Stored data entries:
☆ ☆ ☆ ☆ ☆

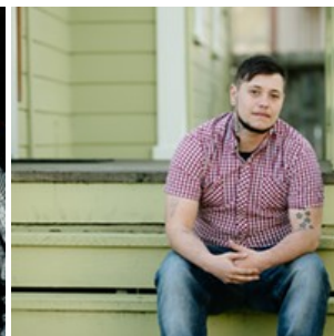
ACLU Lawsuit Accuses St. Joseph Hospital of
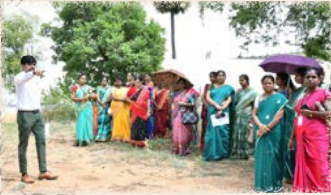
Satellite Campus Visit by Faculty
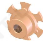
BASEPLATE SHOWN APPROX SIZE [ 1:1 SCALE ]
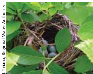
Red-winged blackbird nest
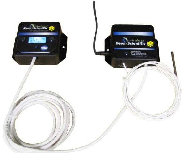
LCD expansion modules

View sensor conditions of your unit right from the LCD display module. Many module families support the LCD displays. The displays can support one or two sensors and they can come equipped with a local audio and visual alert that can be silenced from the module with a push of a button. NOTE: the alert is designed to remind the user to close the refrigerator door. It is NOT documented and silencing it does NOT inhibit the Centron system alarm. If the out-of-range condition persists, a documented Centron system alarm will occur along with all of the usual alarm and dial-out options. This is done this way because a silence button provides no indication of who pressed it and inhibiting a real alarm with such a button would be a violation of GxP and any other quality assurance based accountability requirement.
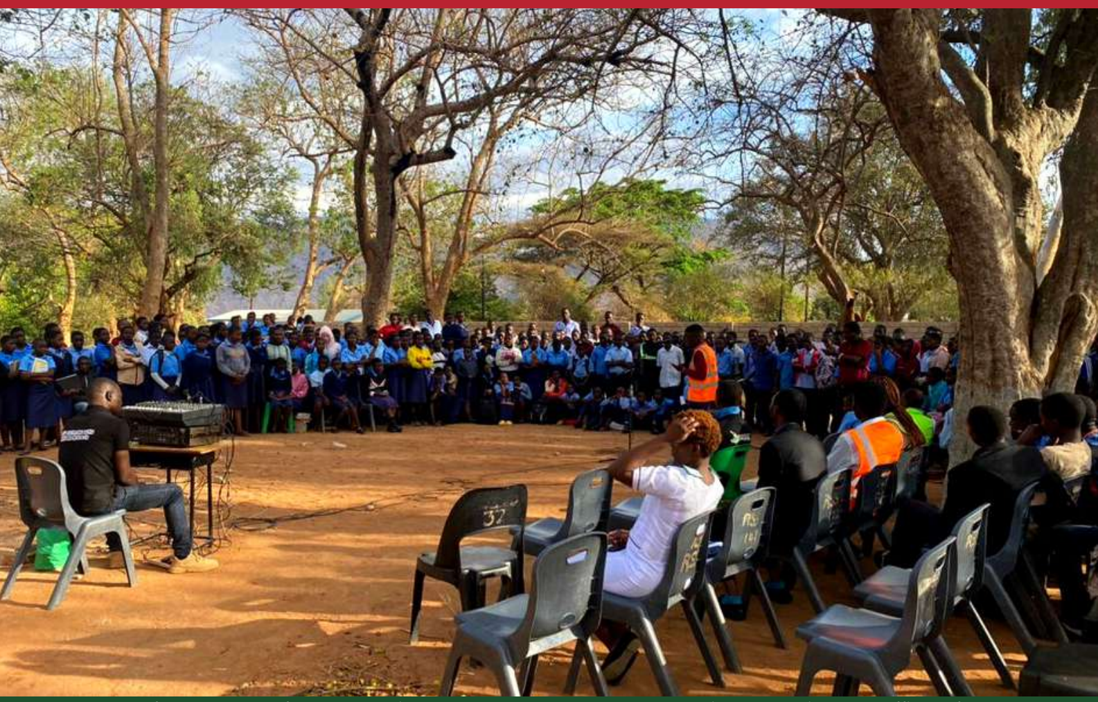
Insert: Some of the students from Rumphi Secondary School who took part in the session and officers from YONECO, Rumphi District Hospital as well as Rumphi Police.

student's educational journey and it is at this point provided that many young people reflect and plan for their obstacles. future endeavours. YONECO in Rumphi took time to inspire and motivate students at Rumphi Secondary The interactive nature of the session which School (RUSESCHO) at a school open day which was incorporated activities such as drama, poetry, held on November 3, 2023. The session served as a and freestyle lyrics, ensured active participation platform for addressing the unique challenges faced from the students. Role models from various by secondary school students and providing them professions, including a nurse and a police with the guidance and motivation needed to officer, contributed to the session, providing realnavigate this crucial phase successfully.

☆ ☆ ☆ ☆ ☆

__Exercise details__: Transcribe only the lines above that start at the line containing "BASEPLATE SHOWN APPROX SIZE [ 1:1 SCALE ]" and end at the line containing "Insert: Some of". Omit pictures.

__Output of the exercise__:
BASEPLATE SHOWN APPROX SIZE [ 1:1 SCALE ]
Red-winged blackbird nest
LCD expansion modules

View sensor conditions of your unit right from the LCD display module. Many module families support the LCD displays. The displays can support one or two sensors and they can come equipped with a local audio and visual alert that can be silenced from the module with a push of a button. NOTE: the alert is designed to remind the user to close the refrigerator door. It is NOT documented and silencing it does NOT inhibit the Centron system alarm. If the out-of-range condition persists, a documented Centron system alarm will occur along with all of the usual alarm and dial-out options. This is done this way because a silence button provides no indication of who pressed it and inhibiting a real alarm with such a button would be a violation of GxP and any other quality assurance based accountability requirement.
Insert: Some of the students from Rumphi Secondary School who took part in the session and officers from YONECO, Rumphi District Hospital as well as Rumphi Police.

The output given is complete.